[Working data — start]

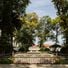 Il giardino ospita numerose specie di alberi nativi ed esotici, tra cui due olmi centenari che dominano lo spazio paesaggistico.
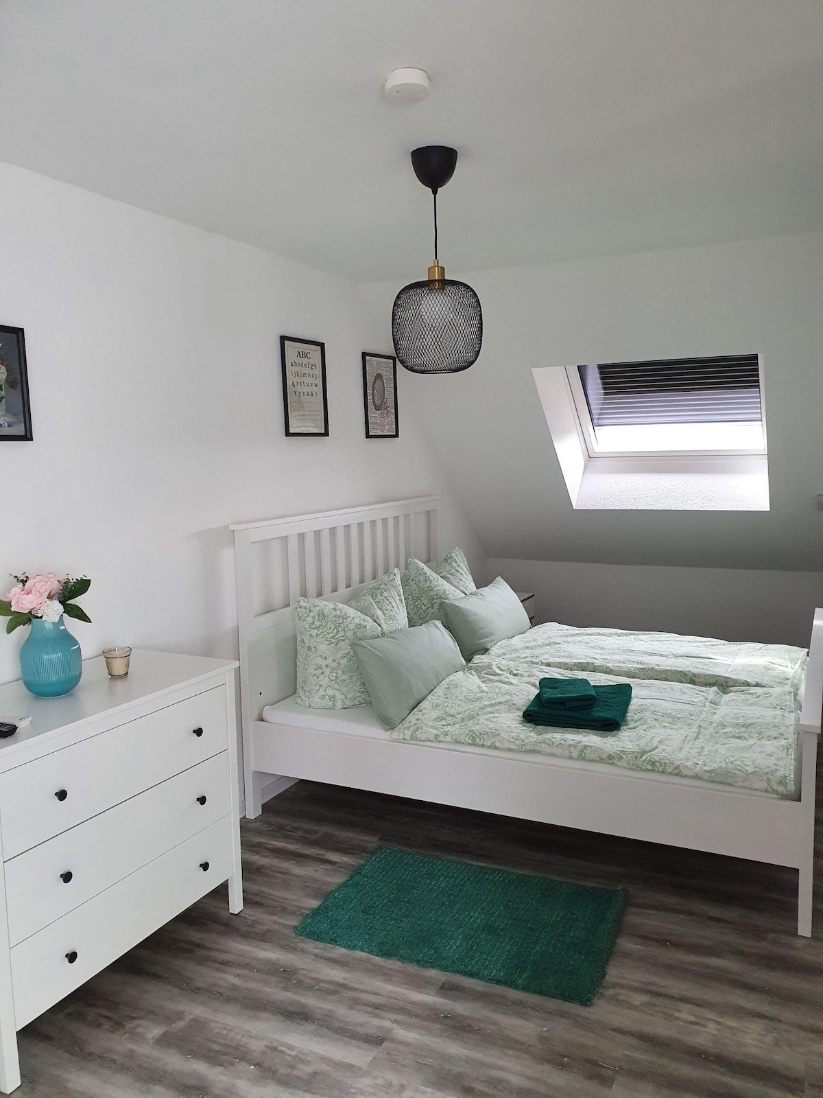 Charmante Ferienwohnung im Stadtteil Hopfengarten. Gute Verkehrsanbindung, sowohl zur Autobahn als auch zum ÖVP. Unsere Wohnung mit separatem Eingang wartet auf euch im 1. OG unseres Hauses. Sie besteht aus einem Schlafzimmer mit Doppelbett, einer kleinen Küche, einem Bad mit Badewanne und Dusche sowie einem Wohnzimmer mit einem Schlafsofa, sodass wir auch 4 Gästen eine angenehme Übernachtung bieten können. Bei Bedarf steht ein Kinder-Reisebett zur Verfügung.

[Working data — finish]
[Working data — start]

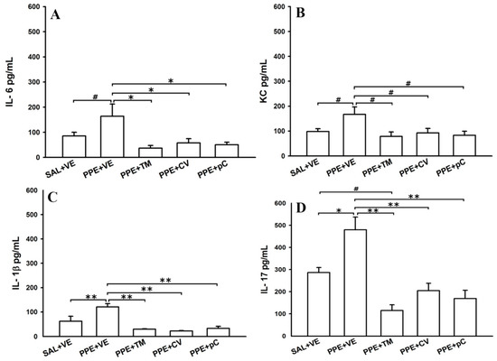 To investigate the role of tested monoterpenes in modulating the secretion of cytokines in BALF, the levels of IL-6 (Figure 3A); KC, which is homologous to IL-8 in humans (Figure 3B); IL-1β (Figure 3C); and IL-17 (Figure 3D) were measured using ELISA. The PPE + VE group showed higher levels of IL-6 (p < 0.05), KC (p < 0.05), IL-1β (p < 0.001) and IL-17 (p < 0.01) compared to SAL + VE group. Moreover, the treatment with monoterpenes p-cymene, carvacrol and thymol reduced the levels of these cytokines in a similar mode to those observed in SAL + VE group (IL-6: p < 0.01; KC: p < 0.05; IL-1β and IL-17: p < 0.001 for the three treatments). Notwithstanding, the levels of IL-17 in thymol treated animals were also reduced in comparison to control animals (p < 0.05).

[Working data — finish]

What needs to be done: The answer must be the lines above from the one containing "Il giardino ospita" through the one containing "Charmante Ferienwohnung im", reproduced exactly, with no pictures and nothing else.

Exercise output:
 Il giardino ospita numerose specie di alberi nativi ed esotici, tra cui due olmi centenari che dominano lo spazio paesaggistico.
 Charmante Ferienwohnung im Stadtteil Hopfengarten. Gute Verkehrsanbindung, sowohl zur Autobahn als auch zum ÖVP. Unsere Wohnung mit separatem Eingang wartet auf euch im 1. OG unseres Hauses. Sie besteht aus einem Schlafzimmer mit Doppelbett, einer kleinen Küche, einem Bad mit Badewanne und Dusche sowie einem Wohnzimmer mit einem Schlafsofa, sodass wir auch 4 Gästen eine angenehme Übernachtung bieten können. Bei Bedarf steht ein Kinder-Reisebett zur Verfügung.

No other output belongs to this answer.